A Biologically Valid Support-Preserving Flow for Histology-Conditioned Spatial Transcriptomics Prediction
Project Page · MICCAI Open Access Paper · Source Code
BioFlow predicts spatial gene expression from routine H&E histology while preserving a fundamental biological constraint throughout generation: expression values must remain non-negative. This repository contains the PyTorch implementation and the interactive MICCAI 2026 project page.
Standard diffusion and flow-matching models evolve in an unconstrained real-valued space. Even when their final predictions are clipped, intermediate trajectories may enter negative-expression regions that are biologically invalid. BioFlow modifies the learned velocity field itself so that the complete probability path remains inside the non-negative orthant.
- Support-preserving dynamics — non-negativity is enforced during transport rather than repaired after sampling.

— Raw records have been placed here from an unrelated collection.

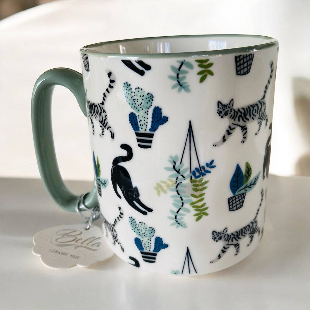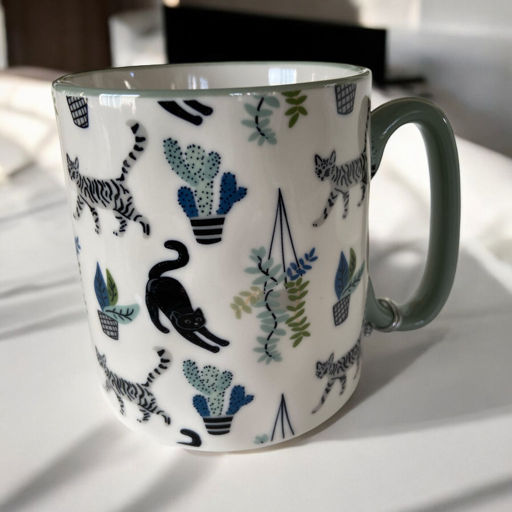 Featuring black cats and grey tabby cats playing among a garden of cactus and various succulents, this mug is a must have for a peaceful cup of morning coffee or a serene cup of evening tea.
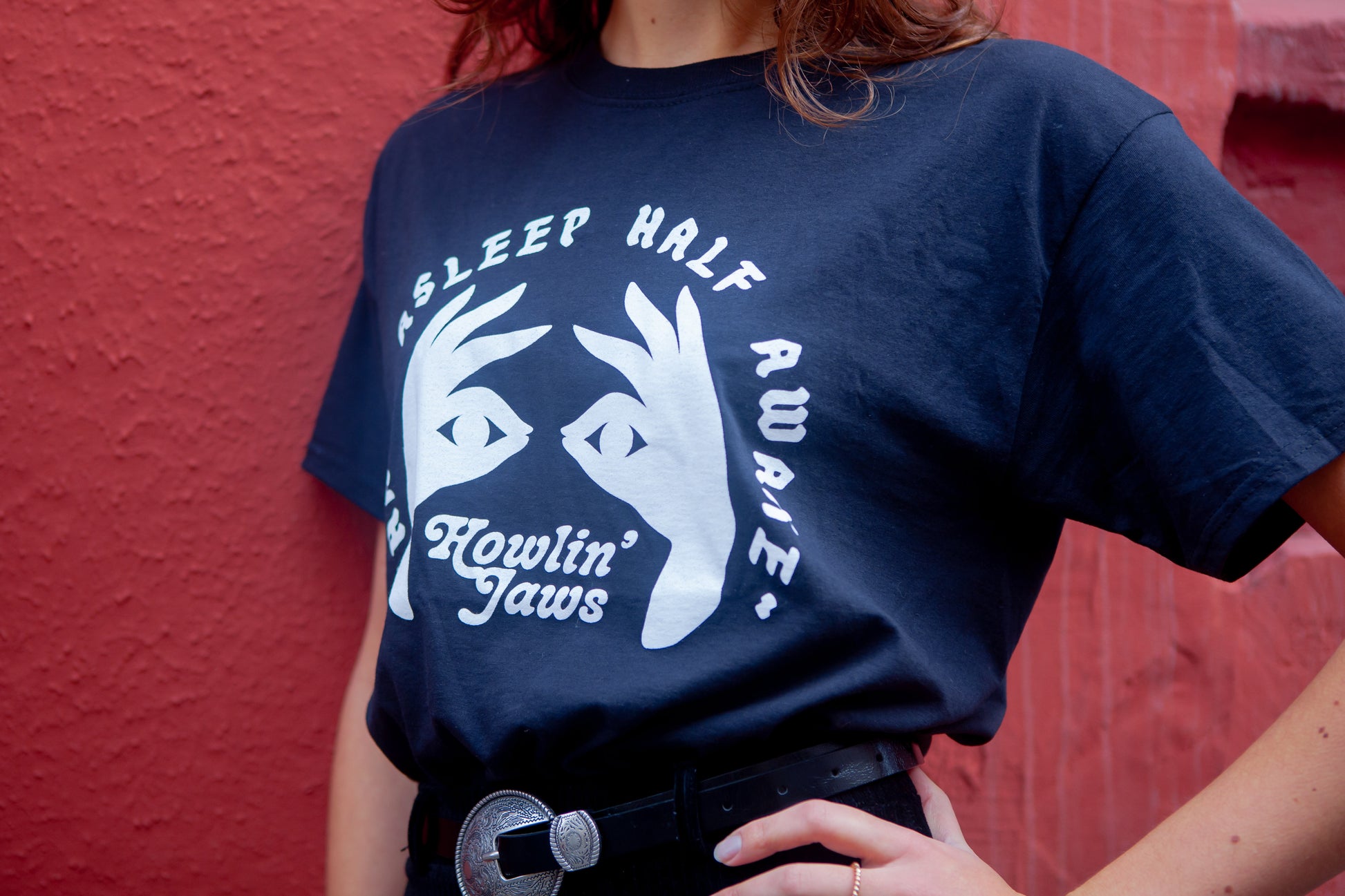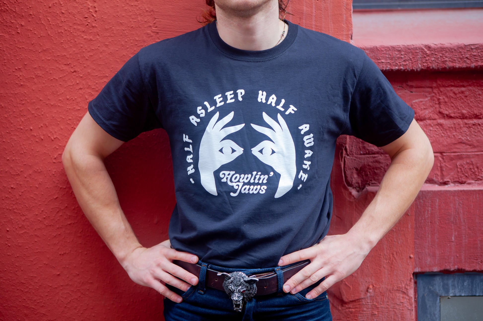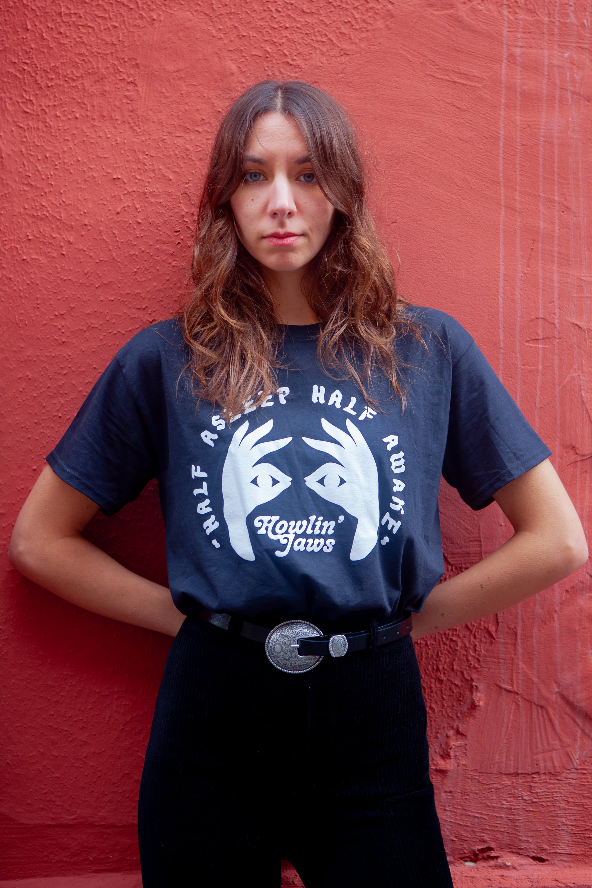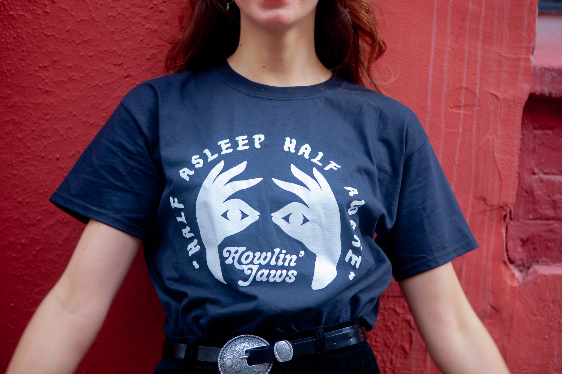 TEE-SHIRT NOIR, LOGO BLANC "Half Asleep Half Awake, Howlin' Jaws "
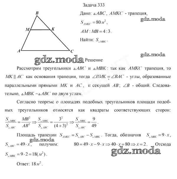 ОТВЕТ на задание № 333 Учебник по Геометрии 8 класс Казаков
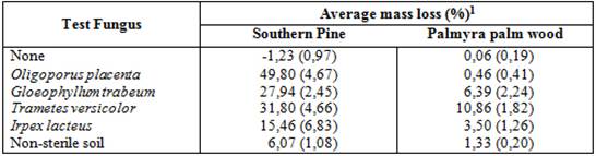 Palm wood samples exposed to O. placenta experienced less than 0,5% mass loss. Palm wood exposed to I. lacteus or G. trabeum experienced slightly higher weight losses averaging 3,5 and 6,4% respectively. Mass losses for blocks exposed to T. versicolor averaged 10,6%; however, these results must be compared with the understanding that they represent a longer incubation period. There are no specific standards for categorizing durability of wood in North America, but ASTM Standard D2017 categorizes durability on the basis of average mass loss in a soil block test (ASTM 2001). Highly decay resistant woods are those that experience mass losses averaging less than 10%. Palm wood would be classified as durable to highly durable under these criteria.
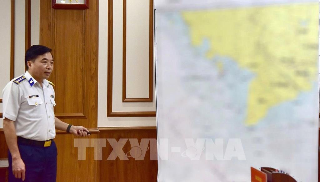 Đại tá Đào Bá Việt, Tư lệnh Vùng Cảnh sát biển 4 báo cáo công tác phòng, chống IUU. Ảnh: TTXVN phát
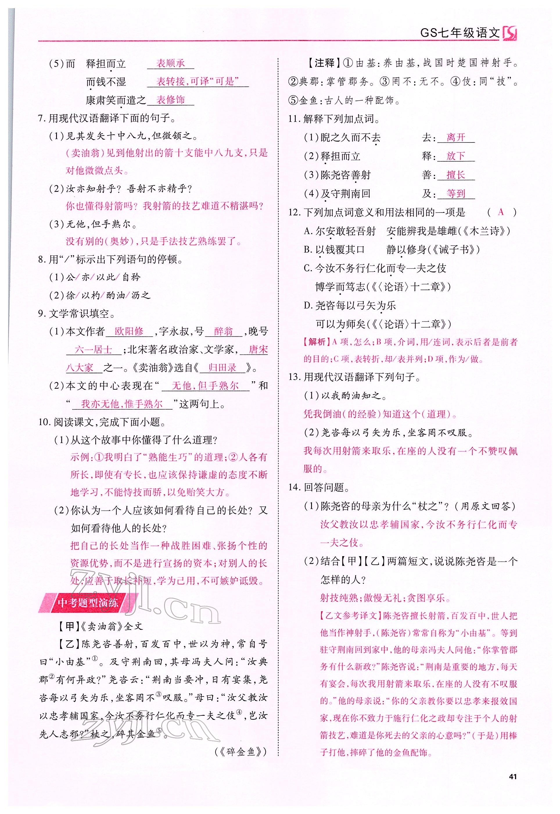 注:目前有些书本章节名称可能整理的还不是很完善,但都是按照顺序排列的,请同学们按照顺序仔细查找。练习册 2022年我的作业七年级语文下册人教版甘肃专版 答案主要是用来给同学们做完题方便对答案用的,请勿直接抄袭。
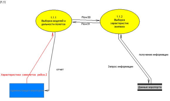 3. Создаем поток данных от процесса «выборка моделей и дальности полетов» к внешней сущности «Администрация аэропорта», и изменяем его имя на «Отчет», т.е. результат в виде списка всех моделей самолетов, летающих по этому рейсу, а так же их бортовых номеров и летных характеристик (дальность полета), номер экипажа и фамилия командира самолета с номером N.
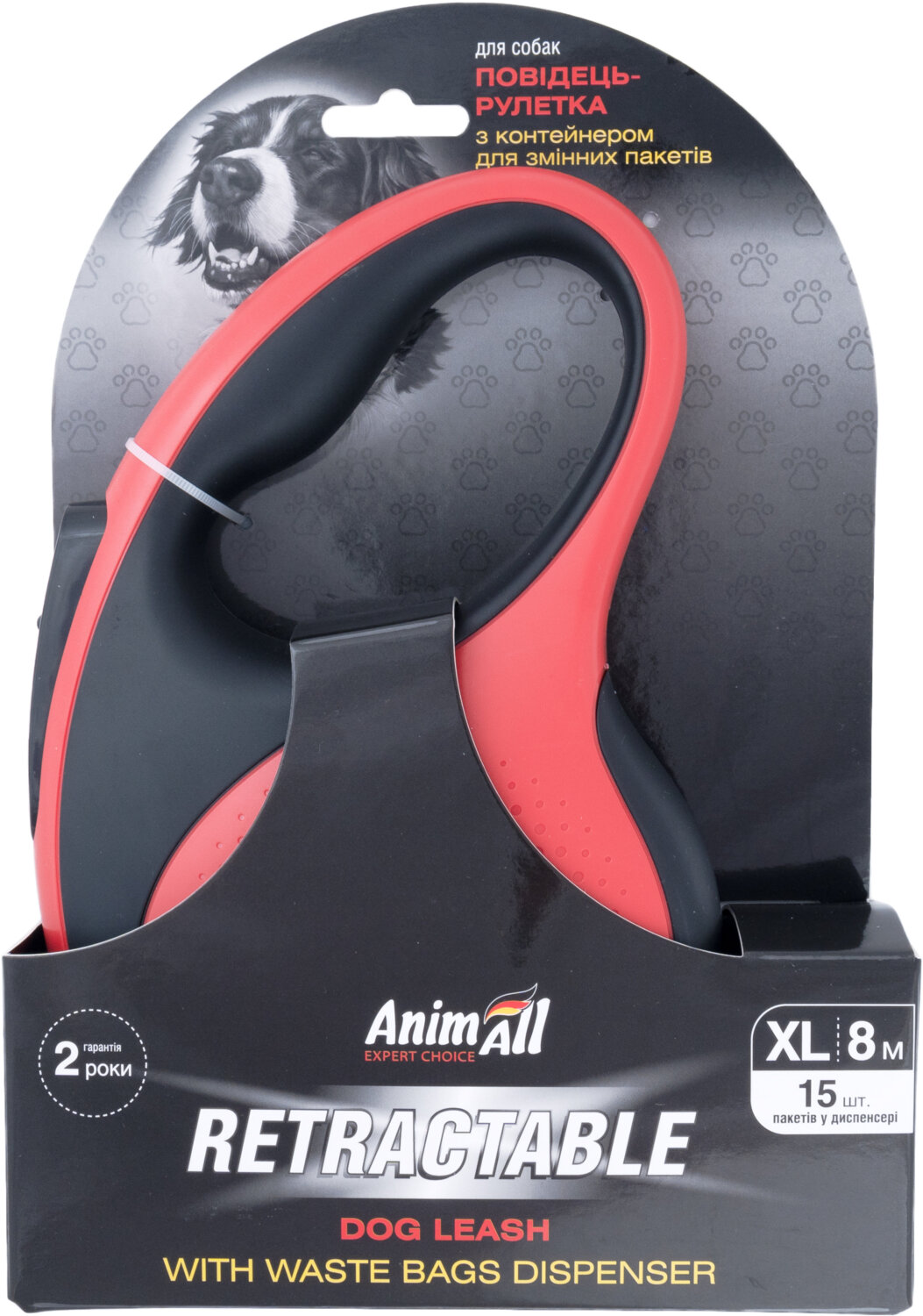 - Рулетка-повідець AnimAll з диспенсером XL до 50 кг/8 метрів червона MS7016-B

- Histology-conditioned prediction — multimodal spatial modeling combines pathology-image features with tissue coordinates.
- Sparse-expression stability — boundary-aware updates remain valid for genes initialized exactly at zero.
- Efficient generation — the paper reports competitive prediction quality with substantially fewer sampling steps than diffusion-based alternatives.
- Interactive evidence — the project page presents the method, trajectory diagnostics, spatial predictions, and efficiency results as a scroll-driven research narrative.
BioFLow/
├── bioflow/
│ ├── data/ # datasets, normalization, distributions, and sampling
│ ├── flow/ # interpolant and prior definitions
│ ├── model/ # spatial velocity predictor and configuration
│ ├── utils/ # training and inference utilities
│ ├── train.py # training and cross-validation entry point
│ ├── test.py # evaluation metrics and sampling
│ └── BioFlow.yml # Conda environment
├── assets/ # project-page figures
└── index.html # static GitHub Pages site
git clone https://github.com/hrterry/BioFLow.git
cd BioFLow
conda env create -n bioflow -f bioflow/BioFlow.yml
conda activate bioflowThe environment covers BioFlow and the included baseline integrations. External pathology encoders and dataset-construction utilities—such as UNI, CONCH, and HEST—should be installed from their official repositories.
BioFlow expects HEST-compatible spatial-transcriptomics data and precomputed histology embeddings. The experiments use PRAD, READ, and HER2ST cohorts with UNI or CONCH image features.
pip install huggingface_hub
huggingface-cli login
huggingface-cli download MahmoodLab/UNI --local-dir models/uni
huggingface-cli download MahmoodLab/CONCH --local-dir models/conchAccess to both encoders requires accepting their respective Hugging Face terms: UNI and CONCH.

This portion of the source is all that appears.